[Start of section]

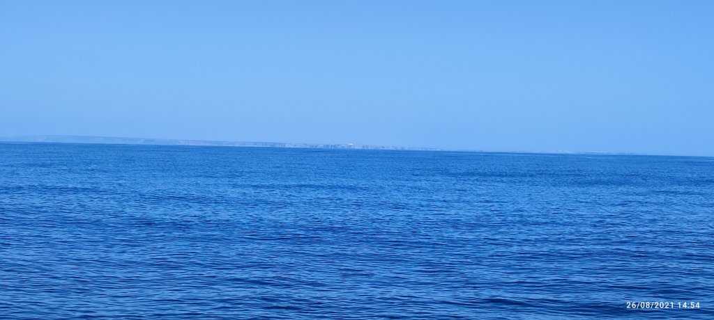 nous embarquons sur un puissant bateau à moteur. Très rapidement la côte et la pointe de Sagres n’est plus qu’une fine ligne à l’horizon.
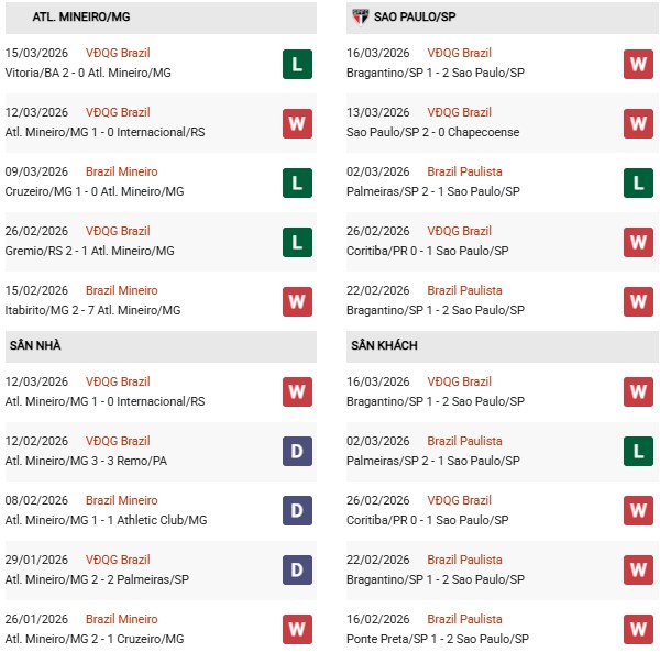 - Atletico Mineiro thắng 4, hòa 5, thua 1 trong 10 trận gặp Sao Paulo gần đây.
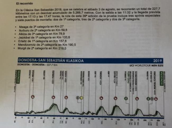La clásica masculina volverá a pasar por Urnieta y las calles de Hernani y Astigarraga para evitar problemas de tráfico en la autovía A-15, tendrá como el año pasado 227 kilómetros, y contará con siete puertos puntuables: Meaga (3ª), Iturburu (2ª), Alkiza (3ª), Jaizkibel (1ª), Erlaitz (1ª), Mendizorrotz (2ª) y Murgil Tontorra (2ª). El primer paso por el Boulevard será sobre las 16.00 y la llegada se prevé hacia las 17.30 horas.

[End of section]

EXERCISE PROMPT: Line by line, return the listing above exactly, dropping every picture.

ANSWER FOR THIS EXERCISE:
 nous embarquons sur un puissant bateau à moteur. Très rapidement la côte et la pointe de Sagres n’est plus qu’une fine ligne à l’horizon.
 - Atletico Mineiro thắng 4, hòa 5, thua 1 trong 10 trận gặp Sao Paulo gần đây.
La clásica masculina volverá a pasar por Urnieta y las calles de Hernani y Astigarraga para evitar problemas de tráfico en la autovía A-15, tendrá como el año pasado 227 kilómetros, y contará con siete puertos puntuables: Meaga (3ª), Iturburu (2ª), Alkiza (3ª), Jaizkibel (1ª), Erlaitz (1ª), Mendizorrotz (2ª) y Murgil Tontorra (2ª). El primer paso por el Boulevard será sobre las 16.00 y la llegada se prevé hacia las 17.30 horas.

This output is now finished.